Are emotional objects visually salient? The Emotional Maps Database

https://doi.org/10.1016/j.jvcir.2021.103221Get rights and content

Highlights

  • We present a database of manual selections of meaningful regions in emotional images.

  • We measure similarity between meaning and saliency maps.

  • High-arousing and negative content is less salient than low-arousing and positive.

  • People agree more selecting meaningful regions in high-arousing and negative images.

Abstract

The visual system prioritizes emotional content in natural scenes, but it is unclear whether emotional objects are systematically more salient. We compare emotional maps - created by averaging multiple manual selections of the most meaningful regions in images of negative, positive, and neutral affective valence - with saliency maps generated by Graph-Based Visual Saliency, Proto-object, and SalGAN models. We found that similarity between emotional and saliency maps is modulated by the scenes’ arousal and valence ratings: the more negative and high-arousing content, the less it was salient. Simultaneously, the negative and high-arousing content was the easiest to identify by the participants, as shown by the highest inter-individual agreement in the selections. Our results support the “affective gap” hypothesis, i.e., decoupling of emotional meaning from image’s formal features. The Emotional Maps Database created for this study, proven useful in gaze fixation prediction, is available online for scientific use.

Introduction

Most images depicting real-life scenes are composed of more informative regions (e.g., foreground objects, human figures, facial display of emotions), which attract visual attention, and less informative ones (e.g., blank walls, background objects, homogeneous surfaces), which are mostly ignored [1]. In many cases, a detail within a scene creates meaning and evokes emotions in the viewer: a wound or a smile can transform an otherwise neutral scene into an intensely emotional one. In this research, we analyze the distribution of meaningful content within images commonly used in the studies on emotions. In particular, we explore how visually salient and clearly delimited are the key elements in the positive, negative, and neutral scenes. We also provide a set of “emotional meaning maps” for the commonly used emotional images databases.

Emotion-evoking stimuli rapidly attract attention and are processed in a prioritized way [2], [3], [4], [5], [6], [7], [8], [9]. To study this prioritization (as well as other aspects of emotional processing), emotional images depicting real-life scenes have been used in a multitude of studies over the past 40 years [10], [11], [12]. To achieve better experimental control over the emotion induction, researchers in social sciences use databases that provide emotionally charged photographs with standardized ratings of their emotional arousal and valence, obtained in the process of a large-sample evaluation [10]. Creators of those databases often use the dimensional concept of emotions [13], assuming emotion can be described on two basic dimensions: arousal and valence. Valence determines if the stimulus is pleasant or unpleasant, while arousal determines whether the stimulus is calming or exciting. Both arousal and valence dimensions of a stimulus, be it an image, sound, or word, can be conveniently assessed using the Self-Assessment Manikin Scale, a graphical 9-point rating scale devised by Bradley and Lang [10] which became a standard tool for emotional stimuli evaluation. This approach is especially advantageous when regression models are used, as in this study. [14].

Among databases of natural emotional images are EmoPics [15], Geneva Affective Picture Database (GAPED) [16], the International Affective Picture System (IAPS) [17], and the Nencki Affective Picture System (NAPS) [18]. All of them contain natural, real-life images, depicting a broad cross-section of scene categories, including people, social interactions, animals, artificial objects, landscapes, interiors, erotica, food, etc.

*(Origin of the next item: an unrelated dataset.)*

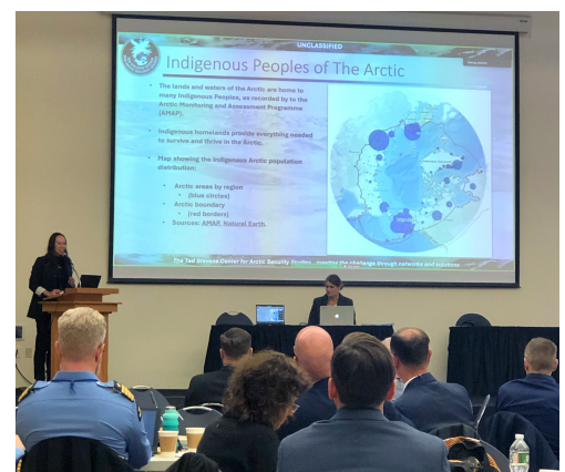
Highlights from the North Atlantic Arctic Crisis Response Workshop.

The distribution of meaningful content within these scenes has rarely been analyzed systematically, even though, in many cases, detailed information regarding the scene composition is of primary interest. For example, in eye-tracking studies, the information on the key objects’ location is routinely used to select regions of interest - a preparatory step necessary for more refined analyses of fixation patterns [19], [20]. Meaning-driven regions of interest have also been employed in the eye-tracking studies involving emotional images presentation [5], [21], [22], [23], [24], [25], [26], [27], [28]. In computer vision, the most important emotional region’s location can be useful as ground truth for DNN algorithms [29], [30].

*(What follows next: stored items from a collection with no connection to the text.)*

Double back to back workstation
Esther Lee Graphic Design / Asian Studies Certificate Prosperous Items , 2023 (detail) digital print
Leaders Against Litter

The selection of the most informative or meaningful regions of an image can be performed either manually or algorithmically, including machine learning. The algorithmic approach was implemented in a variety of visual saliency models (for reviews [31], [32], [33]) including machine learning approaches, e.g. [34], [35], [36], [37]. Some saliency models take into account low-level local features such as edges or contrast of the luminance and colors, e.g. [38], [39]; others are based on the analysis of higher-order features, such as objecthood, e.g. [40], [41]; even more specialized ones take into account pre-trained information regarding the usual scene composition and its elements, e.g. [34], [35], [38], [42], [43] or even combine few models to build multi-stage learning, e.g. [37]. The main advantage of those approaches is their ease of use, efficiency, and repeatability.

Yet, in the case of emotional images, visual saliency seems to be a relatively poor predictor of attention engagement - and thus, presumably, a poor predictor of the distribution of the most meaningful regions within a scene. The experiments by Humphrey, Underwood, and Lambert [24] and Niu and colleagues [5] showed that emotional visual objects attract attention irrespective of their visual saliency. Moreover, Pilarczyk and Kuniecki [25] showed that the visual saliency alone, when decoupled from the meaning, does not attract attention better than chance, particularly in the case of emotional images. The primacy of meaning over visual saliency in attention guidance was also confirmed in other studies, not employing emotional images [44], [45], [46], [47], [48]. Still, the relation of the meaning and the visual saliency is somewhat intertwined. Elazary and Itti [49] showed that interesting objects within neutral scenes tend to be also visually salient, as measured with Graph-Based Visual Saliency (GBVS) [50], a purely bottom-up algorithm based on simple visual features.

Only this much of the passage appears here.